Note: these instructions have been modified on 28/08/2019

Preamble

The due date for this assignment is 29 August 2019 17:00 5 September 2019 17:00, Eastern

Australia Standard Time (extended from 29/08) 19 September 2019 17:00 Eastern Australia

Standard Time, together with part 2.

This project is worth 5% of the overall mark for INFS7410. A detailed marking sheet for this

assignment is provided at the end of this document.

We recommend that you make an early start on this assignment, and proceed by steps. There are

a number of activities you make already tackle, including setting up the pipeline, manipulating

the queries, implement some retrieval functions and perform evaluation and analysis. There are

some activities you do not know yet how to perform, in particular the implementation of the rank

fusion algorithms: this will be the topic of the week 5 lecture and tutorials.

Aim

Project aim: The aim of this project is to implement a number of information retrieval methods,

evaluate them and compare them in the context of a real use-case.

Project Part 1 aim

The aim of part 1 is to:

setup the evaluation infrastructure, including collection and index, topics, qrels

implement common information retrieval baselines

implement ranking fusion methods

evaluate, compare and analyse baseline and ranking fusion methods

The Information Retrieval Task: Ranking of studies for

Systematic Reviews

In this project we will consider the problem of ranking research studies identified as part of a

systematic review. Systematic reviews are a widely used method to provide an overview of the

current scientific consensus, by bringing together multiple studies in a reliable, transparent way.

We will use the CLEF 2017 and 2018 eHealth TAR (task 2) collections. In CLEF TAR 2017, the task

we consider is referred to as subtask 1 (and is the only task); in CLEF TAR 2018, the task we

consider is referred to as subtask 2. We provide the CLEF 2017 and 2018 TAR task overview

papers in the assignment folder in blackboard for your reference. These contain details about the

topics, the collection, the task, etc. These details are not necessary to complete the assignment,

but nevertheless you may want to know more about this task, its importance, approaches that

have been tried, and so on.

The task consists of, given as the starting point the results of the Boolean search created by the

researchers undertaking a systematic review, ranking the set of the provided documents (they are

PMID - pubmed ID - in the files provided; for each PMID there is an associated title and abstract).

The goal is to produce an ordering of the documents such that all the relevant documents are

retrieved above the irrelevant ones. This is to be achieved through automatic methods that rank

all abstracts, with the goal of retrieving relevant documents as early in the ranking as possible.

There are two datasets to consider in this project. The CLEF 2017 TAR dataset; and the CLEF 2018

TAR dataset. Each dataset consists of material for training, and. material for testing the developed

information retrieval methods.

What we provide you with

We provide:

for each dataset, a list of topics to be used for training. Each topic is organised into a file.

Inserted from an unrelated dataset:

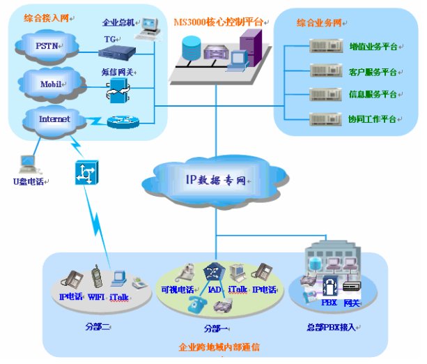 多功能的內部通信業(yè)務(視頻、WiFi無線、軟電話漫游、即時通信、語音信箱、多方通話等)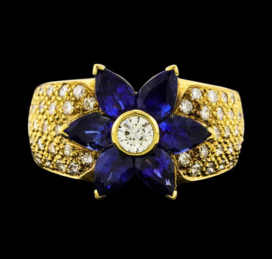 One ring featuring: 18KT Yellow Gold containing Sapphire with a total weight of 2.93ct and Diamonds with a total weight of 0.68ct. Total Weight of Ring: 7.1 grams.

Each topic contains a title and a Boolean query.

for each dataset, a list of topics to be used for testing. Each topic is organised into a file. Each

topic contains a title and a Boolean query.

each topic file (both those for training and those for testing), includes a list of retrieved

documents in the form of their PMIDs: these are the documents that you have to rank. Take

note: you do not need to perform the retrieval from scratch (i.e. execute the query against

the whole index); instead you need to rank (order) the provided documents.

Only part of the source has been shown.